On Sun, Sep 12, 2010 at 11:49:47PM +0800, Wu Fengguang wrote:
> As proposed by Chris, Dave and Jan, don't start foreground writeback IO
> inside balance_dirty_pages(). Instead, simply let it idle sleep for some
> time to throttle the dirtying task. In the mean while, kick off the
> per-bdi flusher thread to do background writeback IO.
>
> This patch introduces the basic framework, which will be further
> consolidated by the next patches.

Can you put all this documentation into, say,
Documentation/filesystems/writeback-throttling-design.txt?

FWIW, I'm reading this and commenting without having looked at the
code - I want to understand the design, not the implementation ;)

> RATIONALS
> =========
>
> The current balance_dirty_pages() is rather IO inefficient.
>
> - concurrent writeback of multiple inodes (Dave Chinner)
>
> If every thread doing writes and being throttled start foreground
> writeback, it leads to N IO submitters from at least N different
> inodes at the same time, end up with N different sets of IO being
> issued with potentially zero locality to each other, resulting in
> much lower elevator sort/merge efficiency and hence we seek the disk
> all over the place to service the different sets of IO.
> OTOH, if there is only one submission thread, it doesn't jump between
> inodes in the same way when congestion clears - it keeps writing to
> the same inode, resulting in large related chunks of sequential IOs
> being issued to the disk. This is more efficient than the above
> foreground writeback because the elevator works better and the disk
> seeks less.
>
> - small nr_to_write for fast arrays
>
> The write_chunk used by current balance_dirty_pages() cannot be
> directly set to some large value (eg. 128MB) for better IO efficiency.
> Because it could lead to more than 1 second user perceivable stalls.
> This limits current balance_dirty_pages() to small inefficient IOs.
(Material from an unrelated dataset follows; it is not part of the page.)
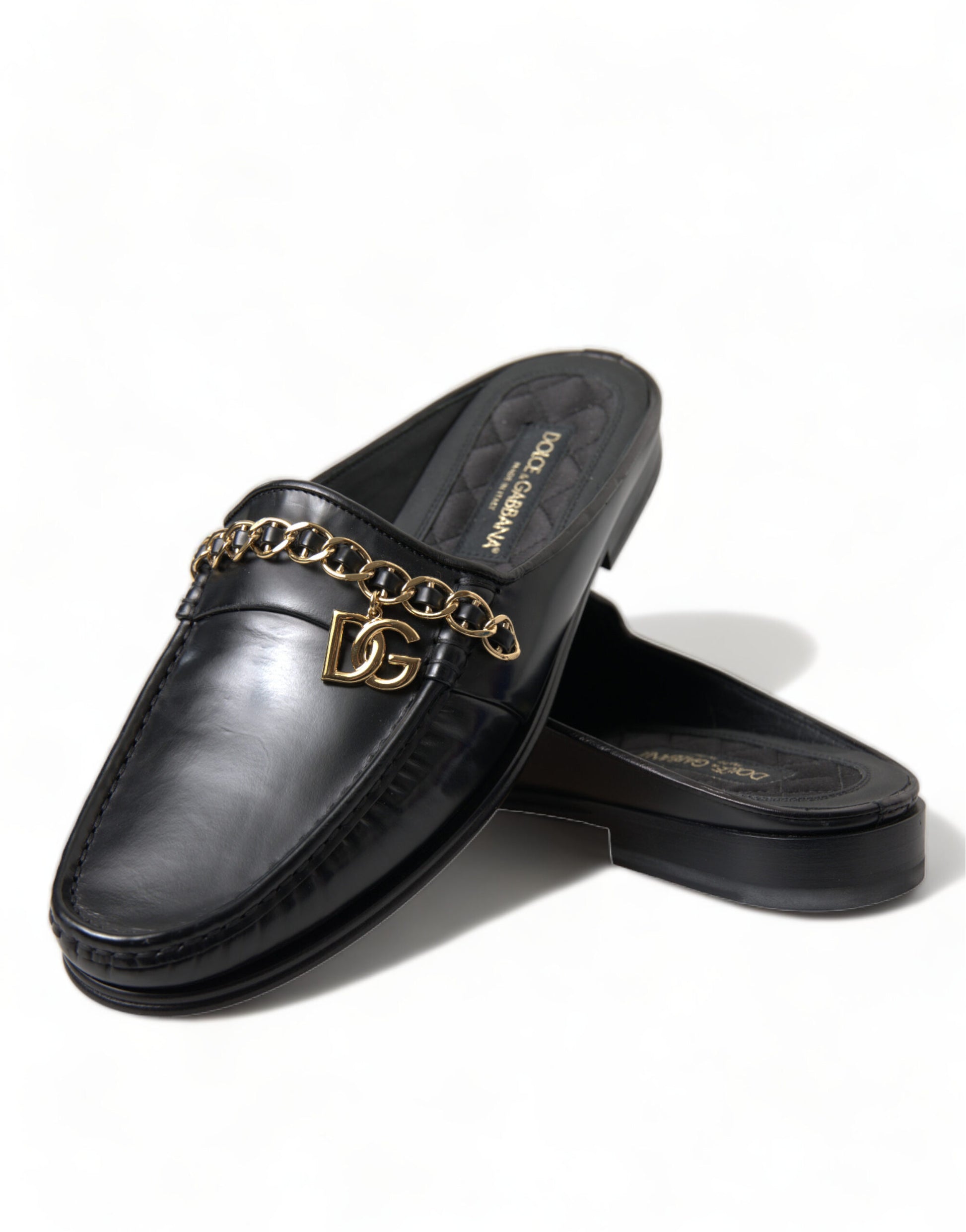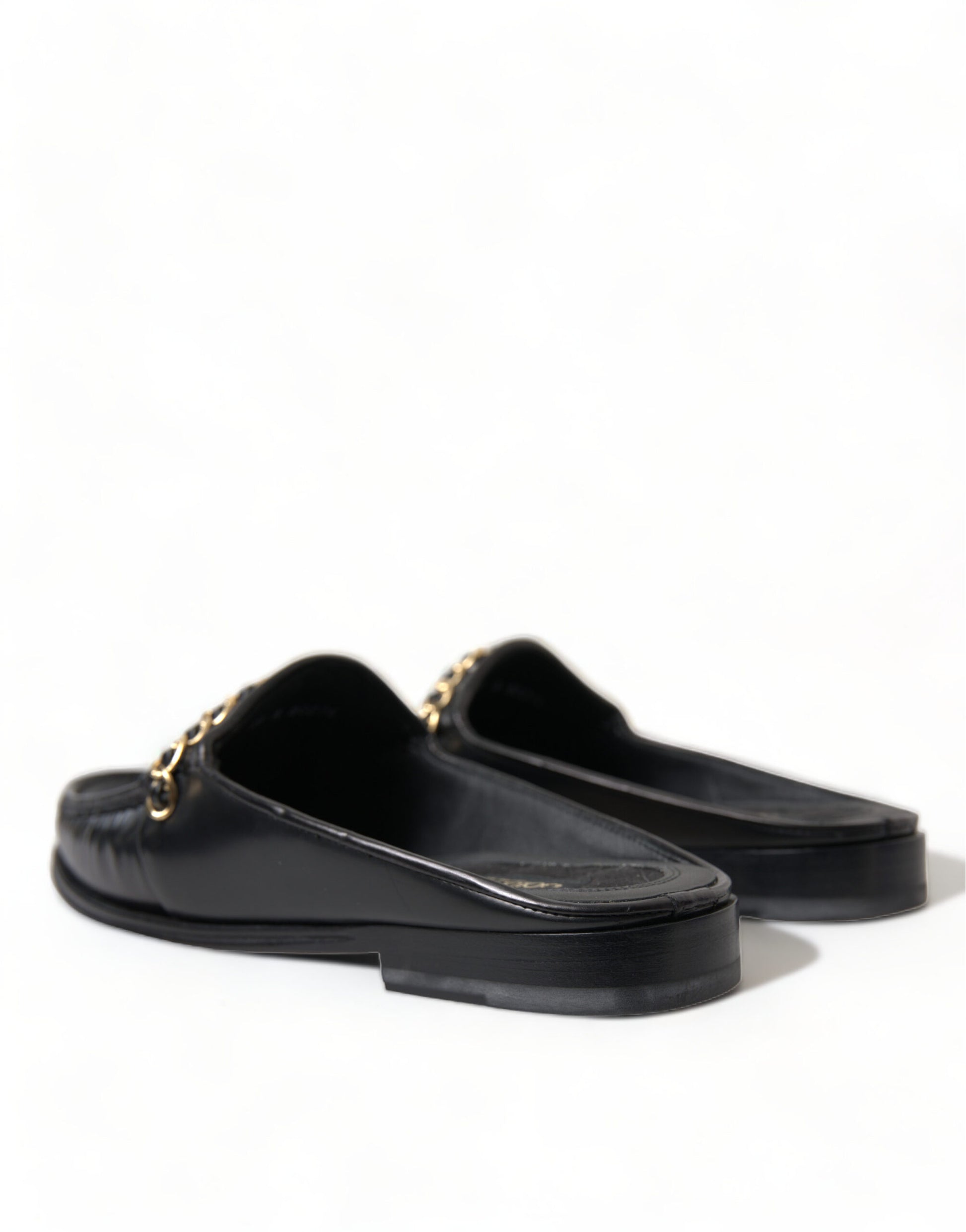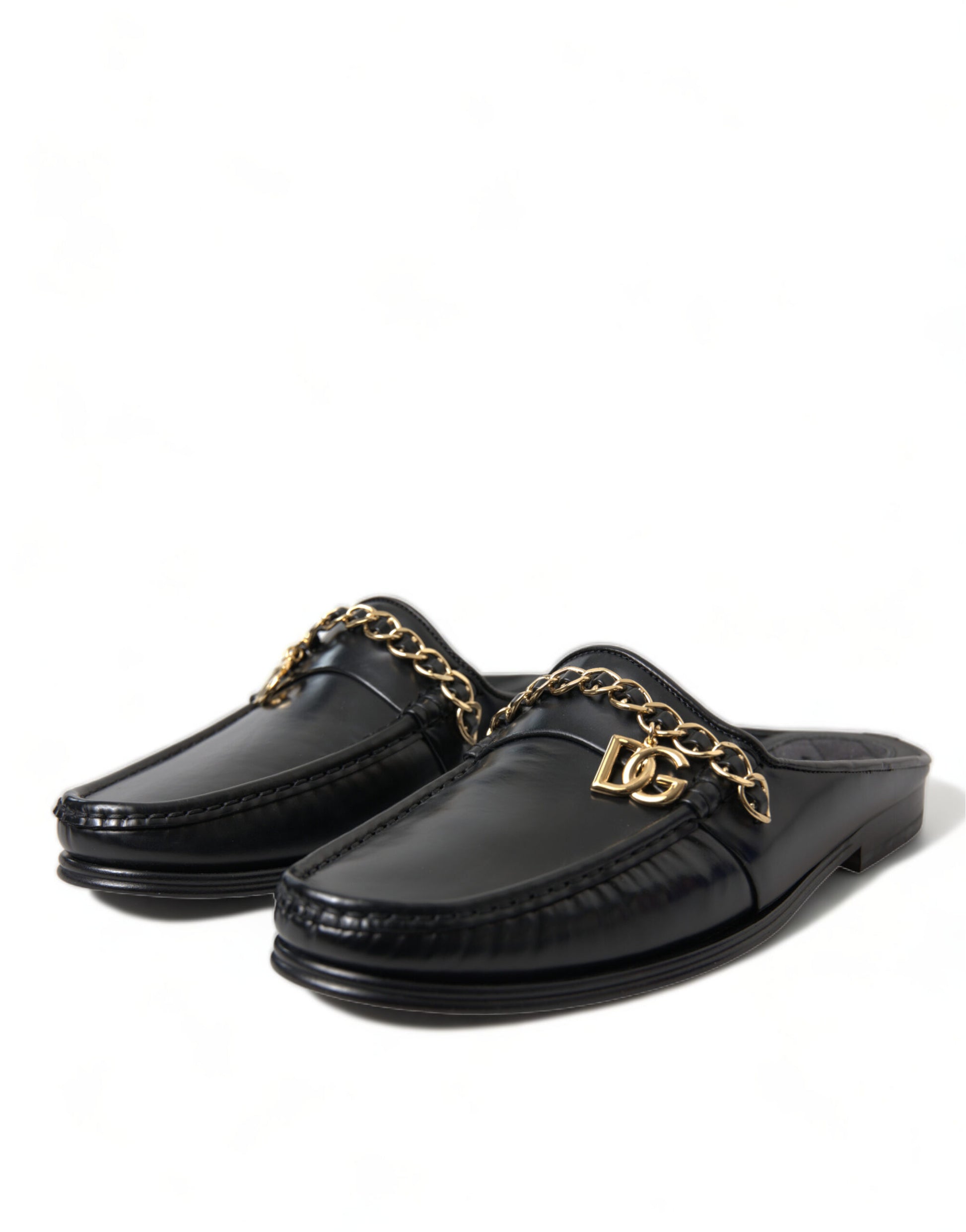 Gorgeous brand new with tags, 100% Authentic Dolce & Gabbana Visconti line is being represented by these exclusive slippers featuring chain and pendant with DG logo. Made from calfskin nappa, they are versatile and comfortable.

Contrary to popular belief, I don't think nr_to_write is too small.
It's slow devices that cause problems with large chunks, not fast
arrays.

> For the above two reasons, it's much better to shift IO to the flusher
> threads and let balance_dirty_pages() just wait for enough time or progress.
>
> Jan Kara, Dave Chinner and me explored the scheme to let
> balance_dirty_pages() wait for enough writeback IO completions to
> safeguard the dirty limit. This is found to have two problems:
>
> - in large NUMA systems, the per-cpu counters may have big accounting
> errors, leading to big throttle wait time and jitters.
>
> - NFS may kill large amount of unstable pages with one single COMMIT.
> Because NFS server serves COMMIT with expensive fsync() IOs, it is
> desirable to delay and reduce the number of COMMITs. So it's not
> likely to optimize away such kind of bursty IO completions, and the
> resulted large (and tiny) stall times in IO completion based throttling.
>
> So here is a pause time oriented approach, which tries to control
>
> - the pause time in each balance_dirty_pages() invocations
> - the number of pages dirtied before calling balance_dirty_pages()
>
> for smooth and efficient dirty throttling:
>
> - avoid useless (eg. zero pause time) balance_dirty_pages() calls
> - avoid too small pause time (less than 10ms, which burns CPU power)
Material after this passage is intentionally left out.